Será que com o esforço em se manter revistas e publicações nacionais estamos publicando conhecimento para nossa população de profissionais, que muitos nem o hábito de ler têm, quem dirá em revistas internacionais e em outras línguas?

O mito da caixa de Pandora, voltando à mitologia grega, quer significar que ao homem imprudente são atribuídos os males humanos como consequência da sua falta de conhecimento.
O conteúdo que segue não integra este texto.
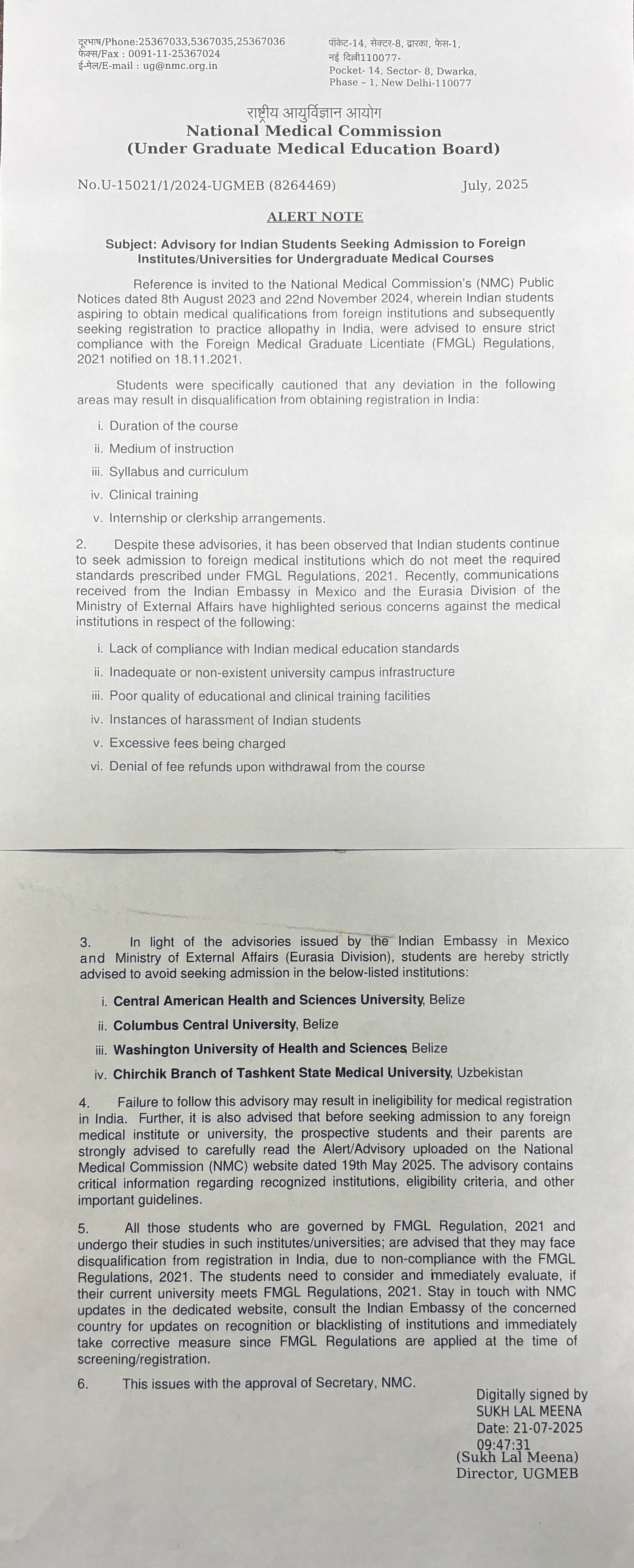 Regarding - Advisory for Indian Students Seeking Admission to Foreign Institutes/Universities (Central American Health and Sciences University, Belize) for Undergraduate Medical Courses

Também é curioso observar como o homem depende de sua própria inteligência para não ficar nas mãos do destino, das intempéries e dos próprios humanos.

Estamos abrindo a caixa de Pandora da formação em Fisioterapia? Estamos sendo imprudentes no processo de formação profissional?

Através de um “clique”, um “download”, nosso “password” nos levará onde?

 

Referências

 

  1. Burkert W. Greek religion: archaic and classical. Oxford: Blackwell; 2002. p.205-6.
  2. http://siteclafk.wix.com/clafk, accessed 2 Jun 2019.
  3. http://emec.mec.gov.br/, accessed 13 Aug 2019.
  4. http://download.inep.gov.br/educacao_superior/enade/relatorio_sintese/2016/fisioterapia.pdf, accessed 13 Aug 2019.
  5. Hsee CK, Ruan B. The Pandora effect: the power and peril of curiosity. Psychol Sci 2016;27(5):659-66.